All the following calculations are for one core but they are applicable for the entire processor since all the cores are identical. The sizes of the per-core L1 and L2 caches used in the system are shown in Table I . Each directory entry requires 2 bits for the L2-Replica Reuse counter (assuming an optimal P2R-L2 of 3). The storage overhead of the replica reuse bit is 2 × = 288KB per core. We propose the 512-entry Limited 2 classifier for LDAC.
3.5.2. Cache Accesses. Updating the private reuse counter in a cache requires a readmodify-write operation on every cache hit. This is true even if the cache access is a read. However, the reuse counter, being just 2 bits in length, can be stored in the tag array. Since the tag array already needs to be written on every cache hit to update the replacement policy (e.g., LRU) counters, the LDAC protocol does not incur any additional cache accesses.
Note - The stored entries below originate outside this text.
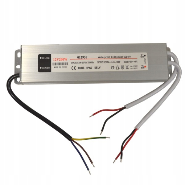 БЛОК ПИТАНИЯ СВЕТОДИОДОВ 12 В, 200 Вт, ТОНКОЕ НАПРЯЖЕНИЕ, IP67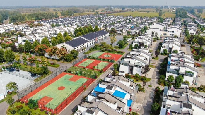 记者在湖畔旺屯看到,集中居住区的农房保留了中国传统乡村的风貌,采取新中式的徽派建筑风格,设计有从55平方米到230平方米五种大小不等的房型。除孙集村外,社区还吸纳了张坝、花园等10个村总计556户村民入住。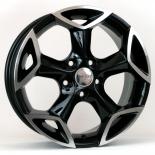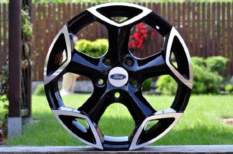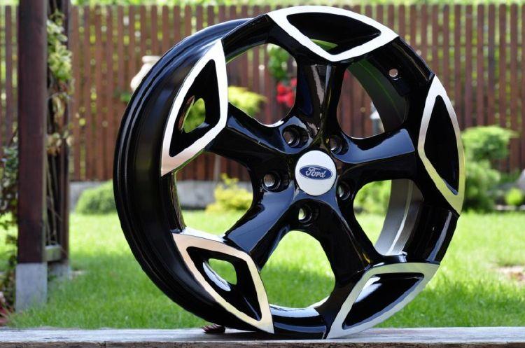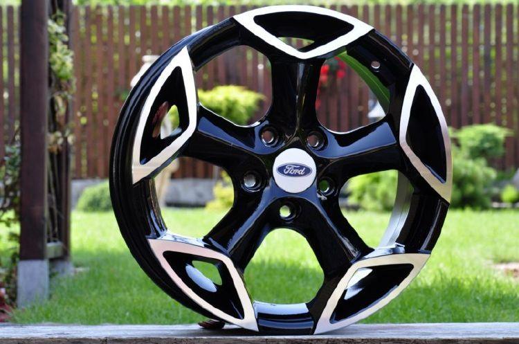 Efektní lité disky nejen pro vozy FORD v černo-leštěném provedení. (Logo Ford pouze ilustrační-není součástí kol ! Dodáváno se stříbrným středem. Loga Ford možno dodat zvlášť za 100,- Kč/ks). Do vyprodání lze dodat i s ET50-52-52,5

Updating the replica reuse counter in the local L2 slice requires a read-modify-write operation on each replica hit. However, since the replica reuse counter (being 2 bits) is stored in the L2 tag array that needs to be written on each L2 cache lookup to update the LRU counters, the LDAC protocol does not add any additional tag accesses.
At the home location, the lookup/update of the reuse information in the classifier is performed concurrently with the lookup/update of the sharer list for a cache line. This additional expense is accounted in the evaluation.
3.5.3. Network Traffic. The LDAC protocol could create network traffic overhead due to the following three reasons:
(1) The private reuse counter has to be sent along with the acknowledgment to the directory on an invalidation or an eviction. (2) In addition to the cache line address, the cache line offset and the memory access length has to be communicated during every cache miss. This is because the requester does not know whether it is a private or remote sharer (only the directory maintains this information as explained previously). (3) The data word(s) to be written has (have) to be communicated on every cache miss due to the same reason.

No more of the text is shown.